More details of the NHL’s new CBA were unearthed on Monday, with a big one — teams gaining the right to retain salary in trades — getting plenty of reaction across the league.
The rule, as according to ESPN’s Pierre LeBrun:
A club cannot absorb more than 50 percent of the players’ annual cap hit/salary in any trade. Any NHL club can only have up to three contracts on their payroll in which the contract was traded away under the retaining salary proviso.
Also, only up to 15 percent of your upper limit cap amount can be used up by the money you have retained in trades.
Take, for example, San Jose Sharks forward Patrick Marleau, who has two years remaining on his four-year, $27.6 million deal — he’s owed $6.9 million in salary annually and carries a $6.9 million cap hit.
Now, say the Sharks want to trade him to Montreal. (NOTE: Marleau has a no movement clause. ANOTHER NOTE: Montreal is mentioned solely for example purposes.)

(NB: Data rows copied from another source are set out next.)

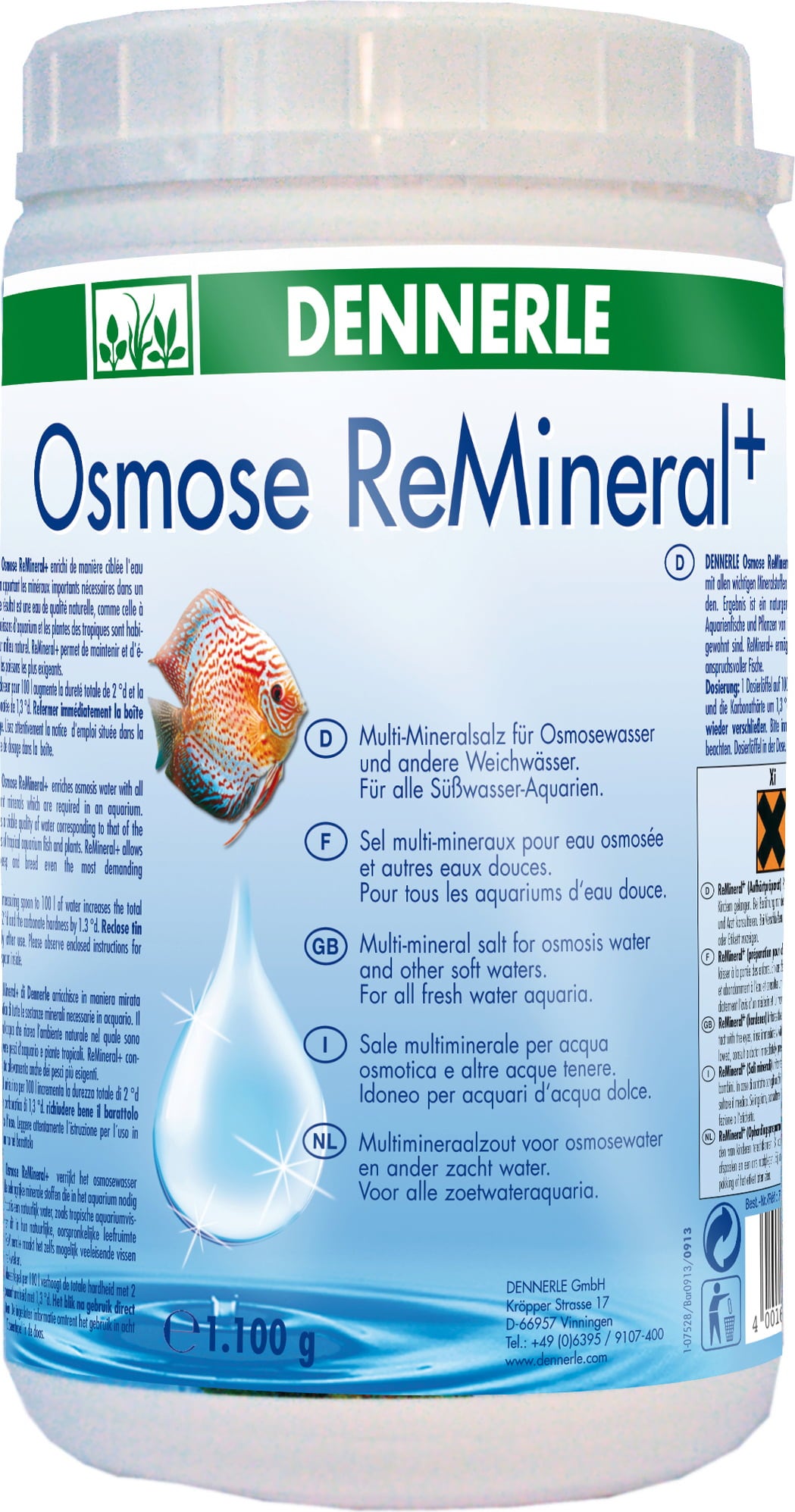 A Dennerle Ozmózis ReMineral+ segítségével az ozmózisos vizet az akváriumban szükséges összes fontos ásványi anyaggal elláthatja. A gondosan kiegyensúlyozott multi-ásványi készítmény a trópusi vizek természetes összetételén alapul. A teljes és karbonát keménység képzők stabilizálják a pH-értéket. Ezenkívül a halakat és a növényeket olyan értékes nyomelemekkel látják el, mint a bór, fluor, jód és sok más. Az esszenciális B-vitaminok védelmet nyújtanak a stressz ellen. A válogatott organikus hatóanyagok aktiválják a szűrőbaktériumokat. A Dennerle kizárólag nagy tisztaságú ásványi sókat dolgoz fel gyógyszerészeti minőségben! A ReMineral+ segítségével olyan vizet állíthat elő, amelyet a trópusi akváriumi halak és növények megszoktak a természetes vizekben. Ideális minden édesvizes akváriumhoz, különösen diszkoszhalak számára!
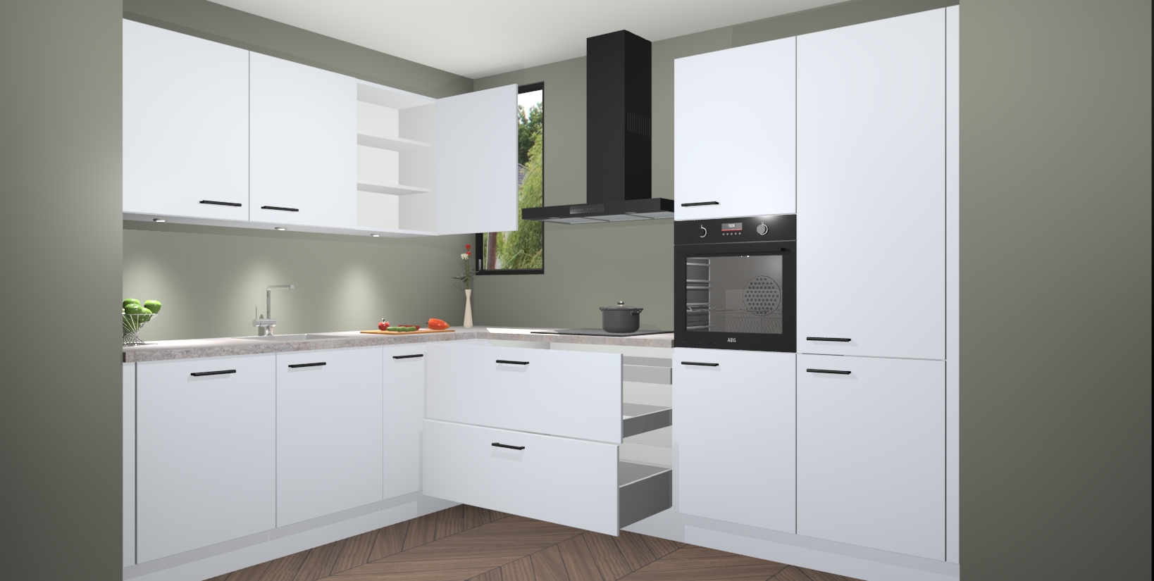 De ruime opbergruimte van dit model maakt het bereiden van voedsel en het gebruik van apparaten snel en gemakkelijk. Het beste van alles is dat het wordt geleverd met vijf inbouwapparaten: een oven, inductiekookplaat, afzuigkap, vaatwasser en koelkast - die allemaal gemakkelijk kunnen worden opgewaardeerd naar AEG na aankoop. Wat de gemaksfactor nog groter maakt, is het feit dat alle cabines voorgemonteerd worden geleverd, zodat u er meteen mee aan de slag kunt!
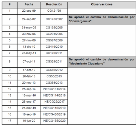 II. Aprobación de modificaciones anteriores a los Documentos Básicos de Movimiento Ciudadano. En las siguientes sesiones, el Consejo General del otrora IFE, así como del INE, aprobó diversas modificaciones a los Documentos Básicos de Movimiento Ciudadano:
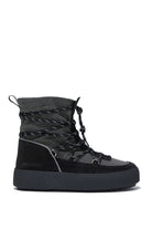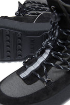 Men's Moon Boot shoes, Mtrack Citizen, in black. These versatile boots have a unique and fashionable look. According to Moon Boot, the boots are 100% water-repellent and feature metal details. The color palette is inspired by the colors of the moon. Finally, the shoe is made of polyester, leather, and rubber.
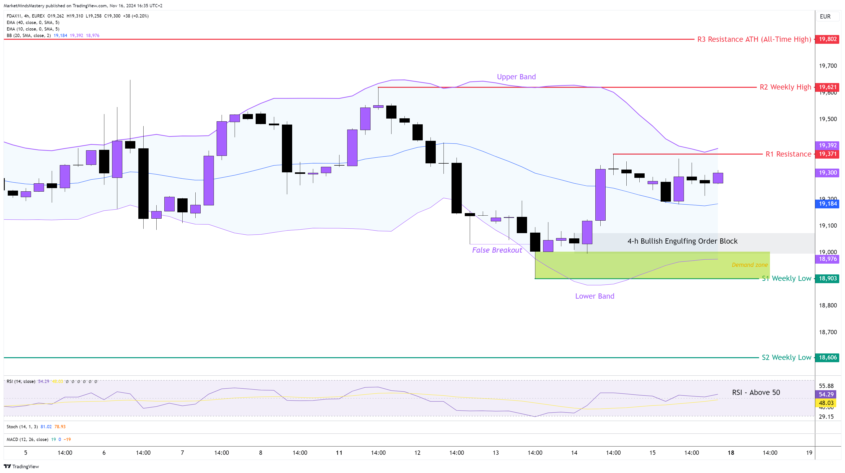 El movimiento lateral comenzó hace unas semanas y continuó la semana pasada, forzando a la vela semanal a terminar como una vela Doji de piernas largas y rechazando la media móvil semanal de 10 periodos (no se muestra en el gráfico). En el gráfico de 4 horas, el precio creó una Falsa ruptura a la baja el pasado miércoles. Al día siguiente, un Bullish Engulfing patrón de velas creó un Bullish Engulfing Order Block alrededor de 19.000. Desde entonces, el precio se ha movido al alza, y el viernes pasado, el precio cerró por encima de la media móvil de 20 periodos, que es el medio de las bandas de Bollinger. El RSI está por encima de su línea media de 50, y esto tiene implicaciones alcistas. Por lo tanto, si el precio se mueve al alza, la primera zona de resistencia, R1, estará en 19,371. Si el precio penetra la R1 y sigue subiendo, la siguiente zona de resistencia, R2, estará en 19,621, que es el máximo de la semana anterior. Este nivel de precios coexiste con la banda superior del indicador de bandas de Bollinger. Si el precio es rechazado y se mueve a la baja, la primera zona de soporte, S1, será 18,903, que es el mínimo de la semana anterior. Si sigue bajando, encontrará la siguiente zona de soporte, S2, en 18,606.
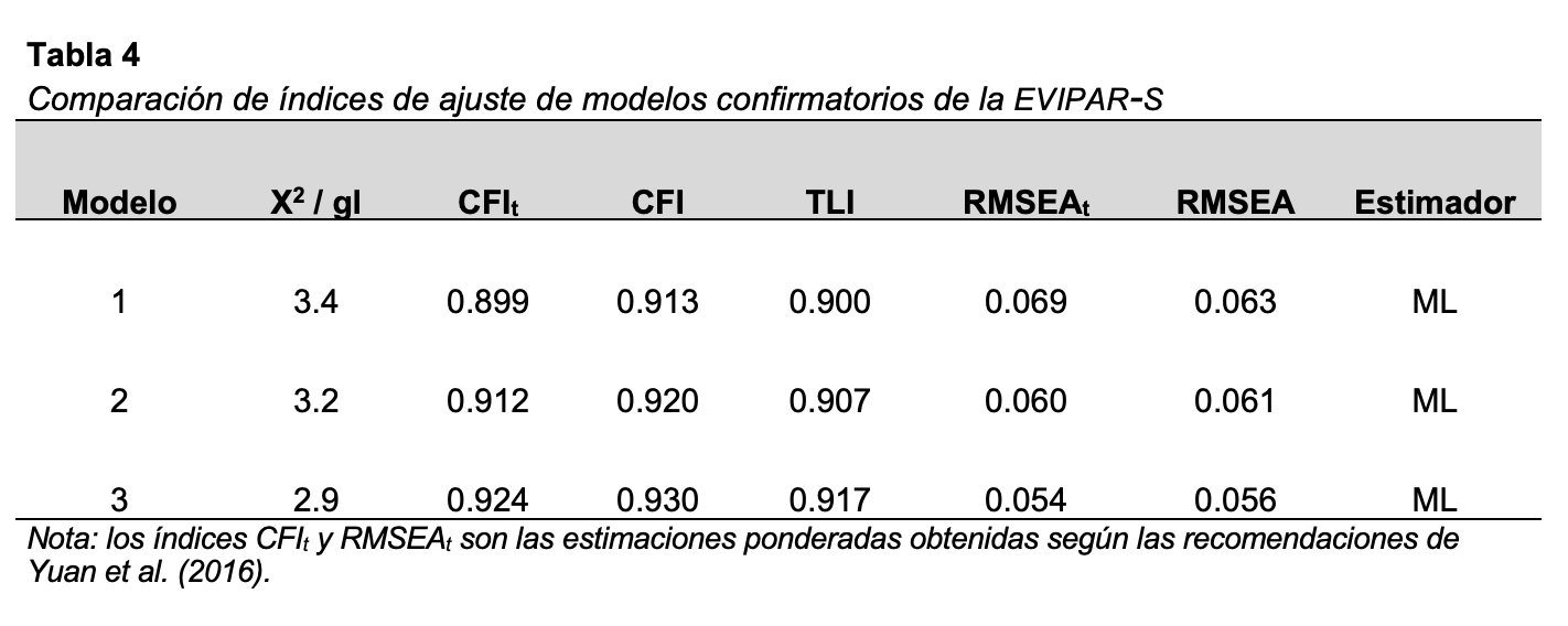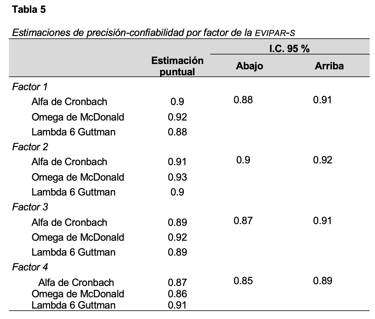A partir del tercer modelo confirmatorio de la evipar-s, se obtuvieron índices de precisión-confiabilidad: alfa de Cronbach con intervalos de confianza al 95 %, omega de McDonald y lambda 6 de Guttman para cada factor del instrumento. En todos los casos se encontraron estimaciones adecuadas de precisión entre el .86 y el .93. Los índices obtenidos se pueden observar en la Tabla 5.
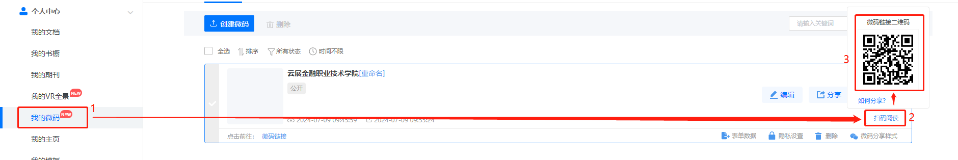 (1)點(diǎn)擊【我的微碼】,將鼠標(biāo)移動到對應(yīng)微碼的【掃碼閱讀】,便會出現(xiàn)二維碼。
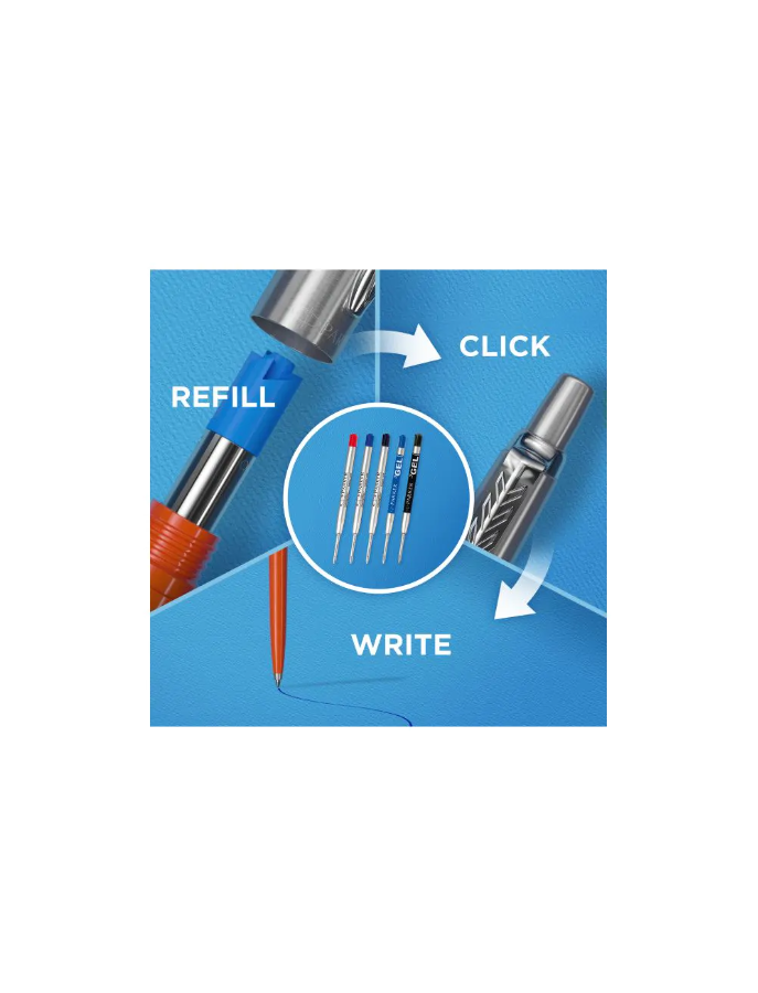 A parte colorida de plástico é agora de metal polido, o clip de bolso foi redesenhado e agora há mais cores para escolha! Retrátil, inclui carga original Parker de escrita média na cor azul.
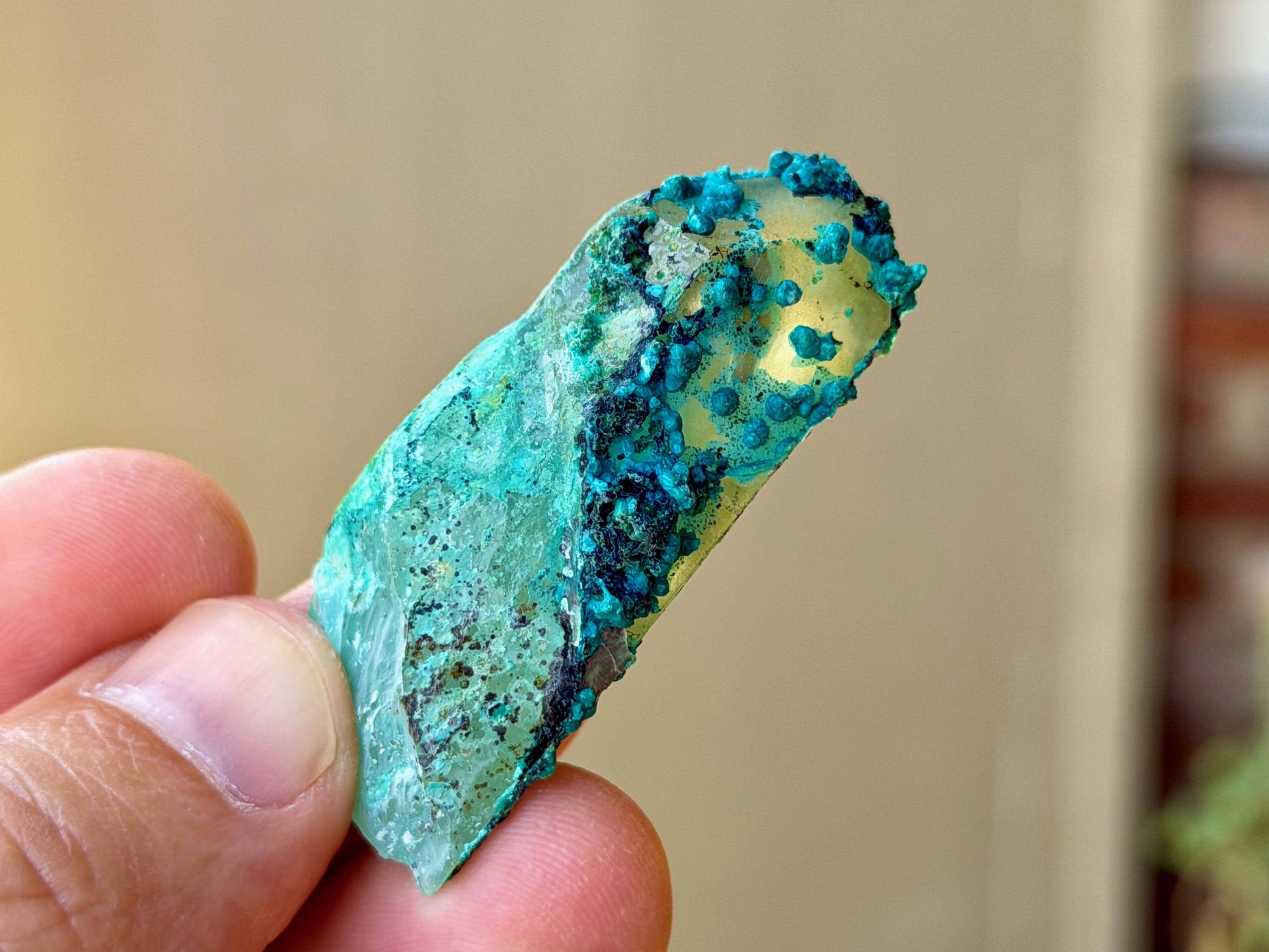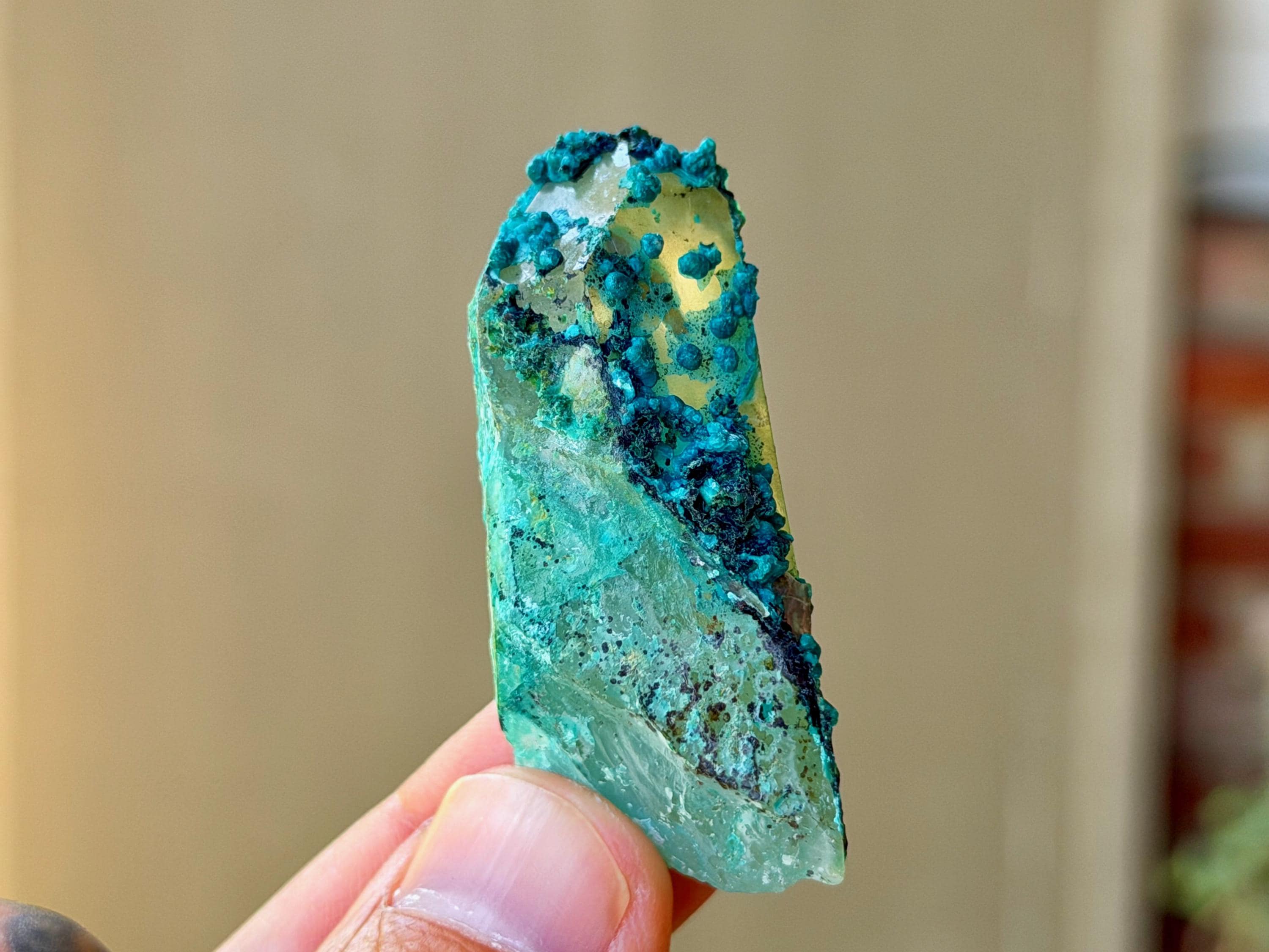 When backlit, as in Photos 3-5, we can see just how beautifully this piece lights up. The Quartz point is fully formed and terminated nicely, with some of the Chrysocolla covering the top. Outstanding color and quality!

The new rule would allow San Jose to absorb $3.45 million in both salary and cap hit to facilitate the deal, leaving Montreal to pay the remaining $3.45 million.
Pretty interesting, huh?
The key part is it’ll allow much more flexibility when it comes to flipping players, especially guys with big price tags.
In the case of Marleau (who’s been the subject of trade rumors for a while), one sticking point has always been his contract — he has the NHL’s 23rd-highest cap hit for 2013-14, a hefty chunk of change that potential suitors would have a tough time swallowing.
Chop the incoming cap hit in half, though, and the deal suddenly becomes much easier to stomach.